In his notes to accompany the report, Iain Wright MP, Chair of the Business, Innovation and Skills Committee, said: “Whistleblowers, parts of the media and a trade union shone a light on work practices at Sports Direct and what they revealed was extremely disturbing. The evidence we heard points to a business whose working practices are closer to that of a Victorian workhouse than that of a modern, reputable High Street retailer. For this to occur in the UK in 2016 is a serious indictment of the management at Sports Direct and Mike Ashley, as the face of Sports Direct, must be held accountable for these failings.
“It’s seems incredible that Mike Ashley, who visits the Shirebrook warehouse at least once a week, was unware of these appalling practices. This suggests Mr Ashley was turning a blind eye to conditions at Sports Direct in the interests of maximising profits or that there are serious corporate governance failings which left him out of the loop in spite of all the evidence.

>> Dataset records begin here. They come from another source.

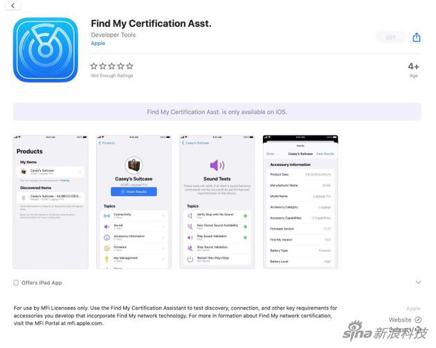 根据 Sensor Tower 的数据,“查找产品认证助手”这个 App 于 4 月 4 日(星期日)在 iOS App Store 上线。虽然下载渠道是公开的,但拥有 MFi 许可的人才可以用。用来测试其配件的“发现,连接和其他关键要求”,这些配件将支持苹果的查找系统技术。它还指向 mfi.apple.com 上 Apple MFi 门户上有关“查找”认证计划的信息。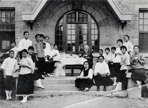 1928,燕京大学教育俱乐部成员在南北阁西侧合影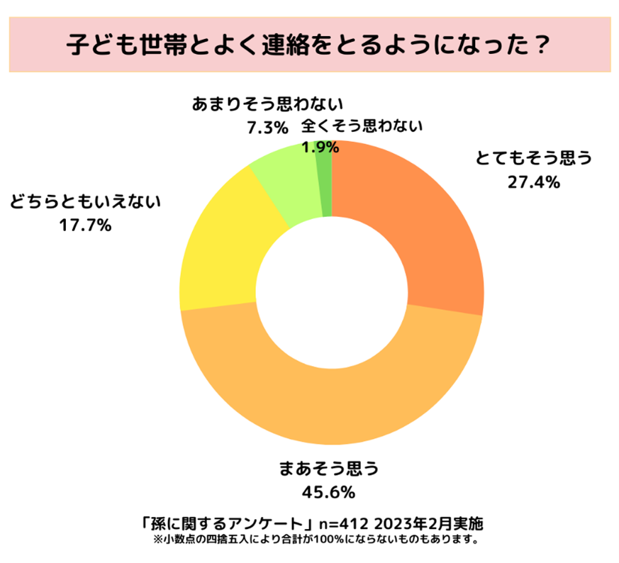 孫誕生後、子ども世帯とよく連絡をとるようになったかという質問に、「とても+まあそう思う」と答えた方は約7割。スマホやタブレットなどの普及もあり、孫の成長の様子を動画や写真で送るなど、子ども世帯からの連絡が増える傾向にあるようです。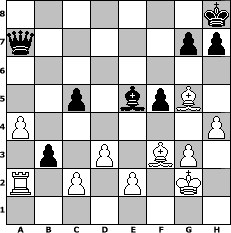 game notation in PGN-format [Event "9er4"] [Site "www.myChess.de"] [Date "2014.01.18"] [Round "1"] [White "Duschgel"] [Black "sprinterde"] [ECO "A20"] [WhitemyELO "1666"] [BlackmyELO "1681"] [Result "0-1"] [TimeControl "10/3456000"] [WhiteDays "38"] [BlackDays "40"] [MyChessNo "92391"] 1. c4 e5 2. g3 d5 3. cxd5 Qxd5 4. Nf3 Nc6 5. Nc3 Qe6 6. Bg2 Bb4 7. O-O Nge7 8. Nb5 Ba5 9. Ng5 Qf6 10. d3 a6 11. Ne4 Qg6 12. Nbc3 O-O 13. a3 Rd8 14. f4 Kh8 15. fxe5 Nxe5 16. Nc5 Ng4 17. Kh1 Bb6 18. Nxb7 Bxb7 19. Bxb7 Ra7 20. Be4 Qh5 21. h4 Nf2+ 22. Rxf2 Bxf2 23. Kg2 Bd4 24. Bd2 f5 25. Bf3 Qg6 26. Bg5 Qe6 27. Qa4 c5 28. Nb5 Qd7 29. Bxe7 axb5 30. Qxa7 Qxa7 31. Bxd8 Bxb2 32. Ra2 Be5 33. Bg5 b4 34. a4 b3 0-1 position notation in FEN-format 7k/q5pp/8/2p1bpB1/P6P/1p1P1BP1/R1P1P1K1/8 - - - 0 35 Captured white pieces: Captured black pieces: Click on a captured piece in order to display the desired move!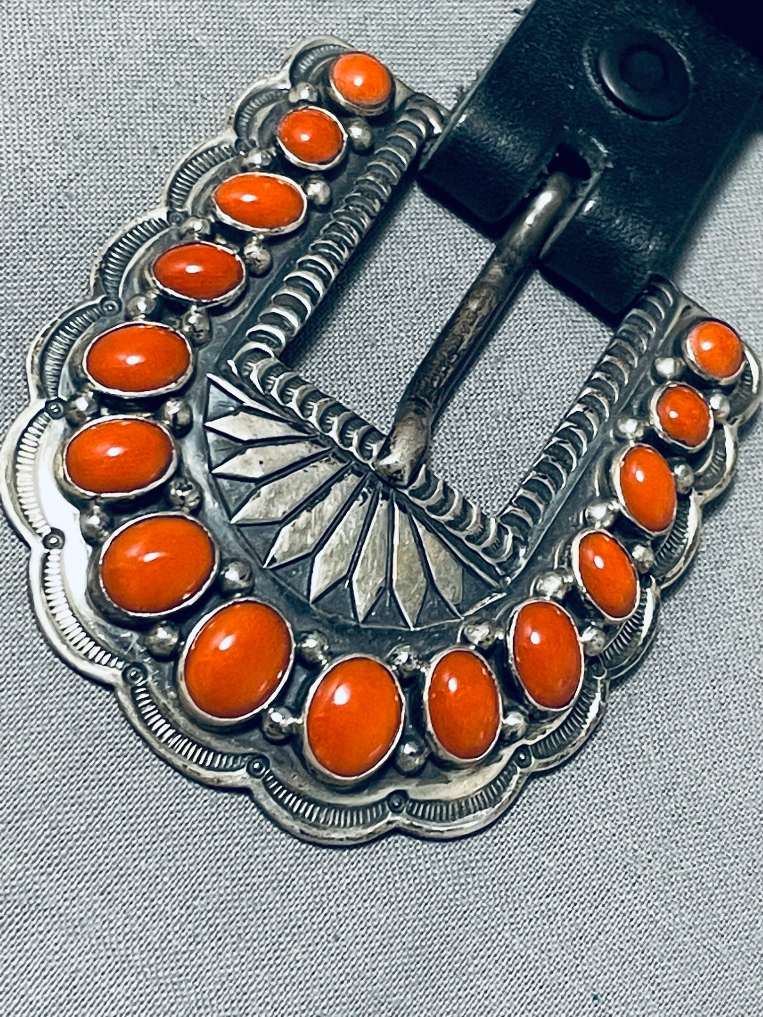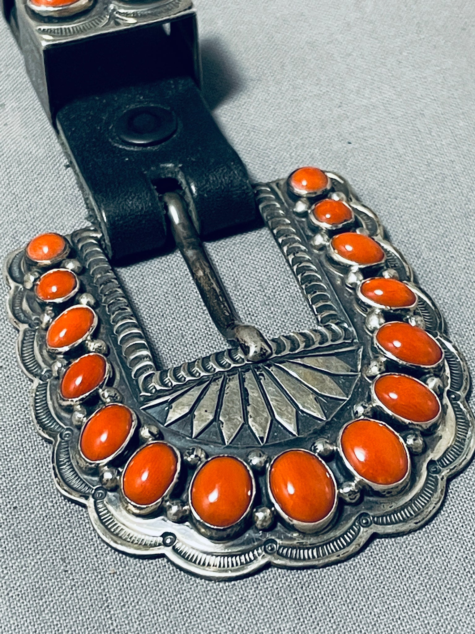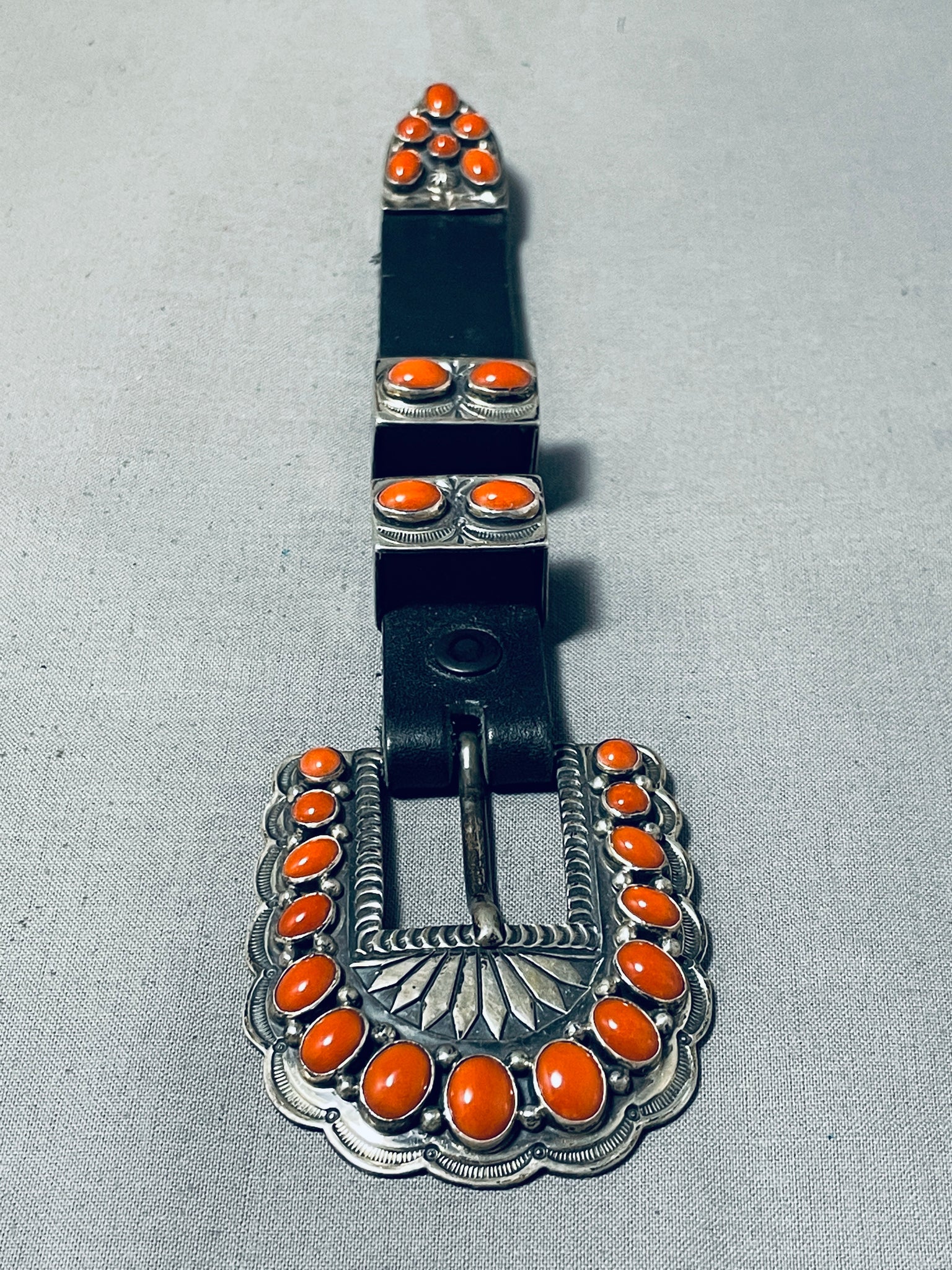 Native American Important Gary Reeves (d.) Coral Sterling Silver Buckle Set
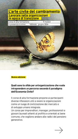 Un percorso partecipato di conoscenza e scambio sull'Economia Civile, che mette al centro la felicità pubblica, i beni comuni e le persone. Rivolto a imprenditori, operatori pubblici e privati, appassionati di scienze economiche e sociali, scuole e università.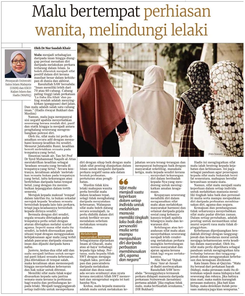 Malu bertempat perhiasan wanita, melindungi lelaki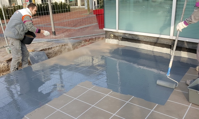 Maar hoe realiseer je een waterdicht oppervlak met de uitstraling van tegels? Door te kiezen voor het afdichtingsysteem van Triflex met een tegelmotief. Met het Triflex Creative Design worden accenten, zoals het tegelmotief geplaatst op het afdichtingsysteem. Hoofdbestanddeel van het systeem is een folie die op een voorbereide ondergrond wordt geplakt en qua kleur uitgewerkt wordt. Tenslotte wordt de folie verwijderd en wordt de gewenste vloer zichtbaar.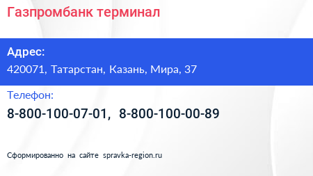 Газпромбанк, терминал по адресу 420071, Татарстан, Казань, Мира, 37 в дальнейшем Организация, размещена в следующих категориях: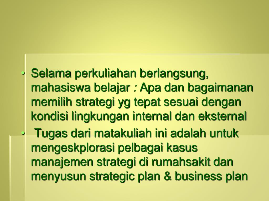 Selamaperkuliahanberlangsung, mahasiswabelajar:Apadanbagaimananmemilihstrategiygtepatsesuaidengankondisilingkungan internal daneksternal • Tugasdarimatakuliahiniadalahuntukmengeskplorasipelbagaikasusmanajemenstrategidirumahsakitdanmenyusun strategic plan & business plan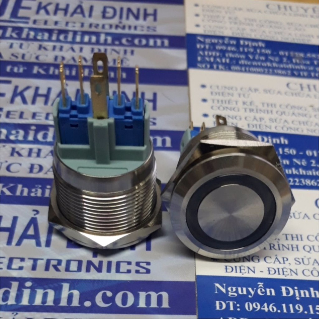 Máy tính & Laptop > Linh Kiện Máy Tính > Khác || nút nhấn inox chống nước, dạng tròn khoét lỗ 22mm, nút nhấn đề, nhấn nhả GQ22 đầu phẳng led vòng tròn 12-24V kde4655Còn hàng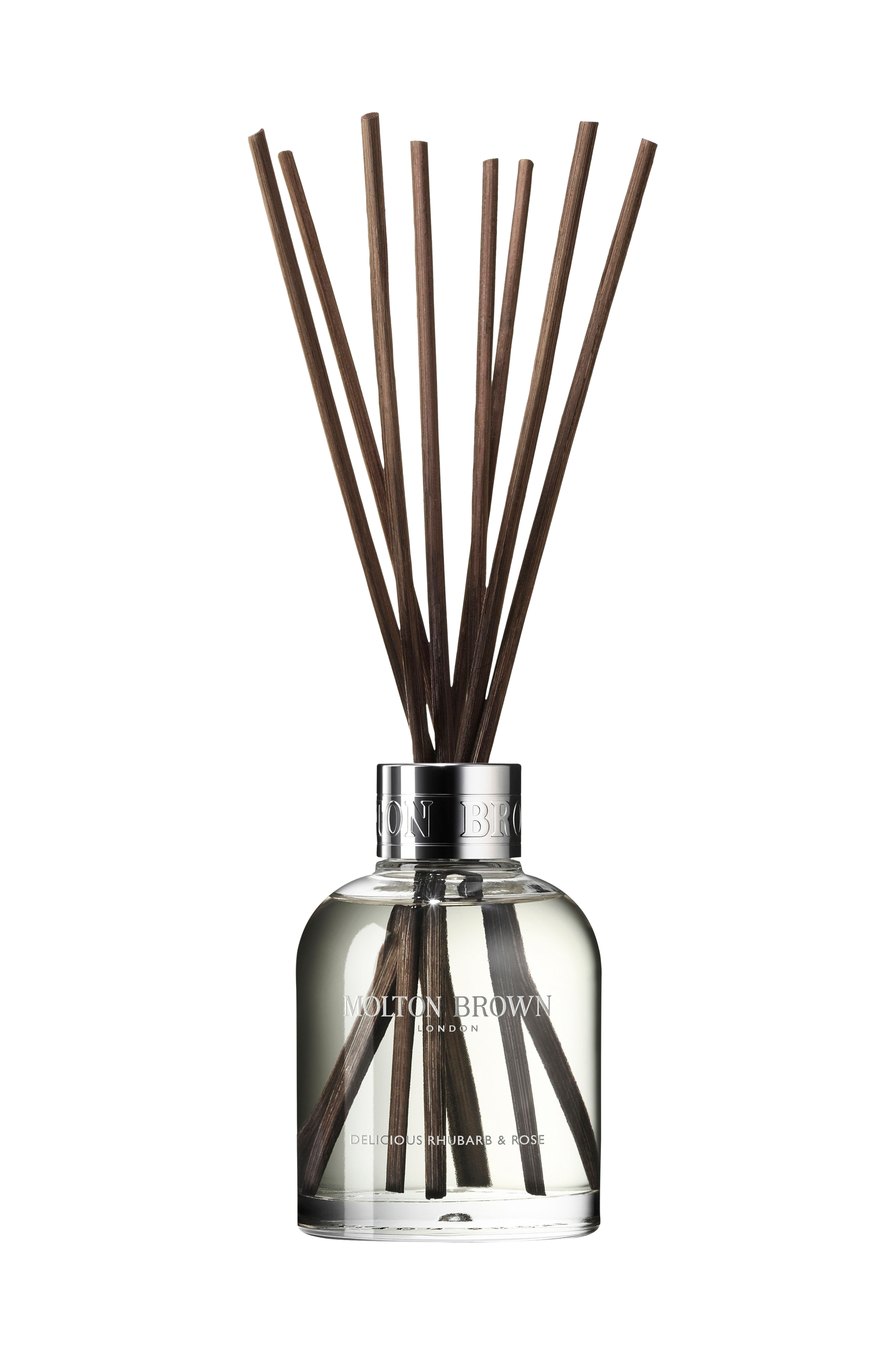 Molton Brown Delicious Rhubarb & Rose Aroma Reeds er fyldt med den uimodståelige duft af livlig rabarber og cremet vanilje - med et delikat twist af lys grapefrugt. Molton Browns duftrørsspredere er sofistikerede indretningselementer, der giver dit hjem en symfoni af indbydende dufte. Løft den olfaktoriske atmosfære i dit rum yderligere med Molton Browns matchende duftlys.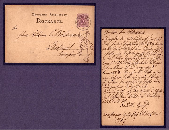 Mit erstaunlicher schöner Schrift kann Friedrich Stehfen mit einer Postkarte vom 19. Mai des Jahres 1879 noch dokumentiert werden. Er schreibt persönlich an den Kaufmann Büddemann in Dortmund mit „Freundlichem Gruß Rausingen den 19.Mai 1879 Stehfen“. Mit dem Namen Büddemann verbindet sich nun eine Beziehung, die ich nicht richtig recherchieren konnte. Denn die Tochter Margarete von Friedrich Stehfen war verheiratet mit Ludwig Büddemann und den Eheleuten hatte Friedrich Stehfen schon vor seinem Tod den Hof vererbt. Seine beiden Söhne studierten, der älteste Sohn (auch Friedrich) Theologie wurde Pfarrer in Waldau (bei Kassel) und hielt dem Vater am Grab die Todesrede.

“Mike Ashley had to be brought kicking and screaming to answer the Committee’s questions about working practices at Sports Direct. To Mr Ashley’s credit, when he gave evidence he was open and willing to engage and he is now setting out some of the steps which Sports Direct needs to take to stop these practices recurring. The continual refusal to appear before our Committee is regrettable, because his public pledges whilst before the Committee to improve working conditions could have been made so much sooner. The Business Committee will visit Shirebrook and will continue to hold Mr Ashley’s feet to the fire, in as constructive a manner as possible, checking on the progress he makes on improving working conditions for workers at his premises.”
The workers at the Shirebrook warehouse are not directly employed by Sports Direct but are actually employed by agencies The Best Connection and Transline Group which the Committee finds Sports Direct has a “strong grip over”.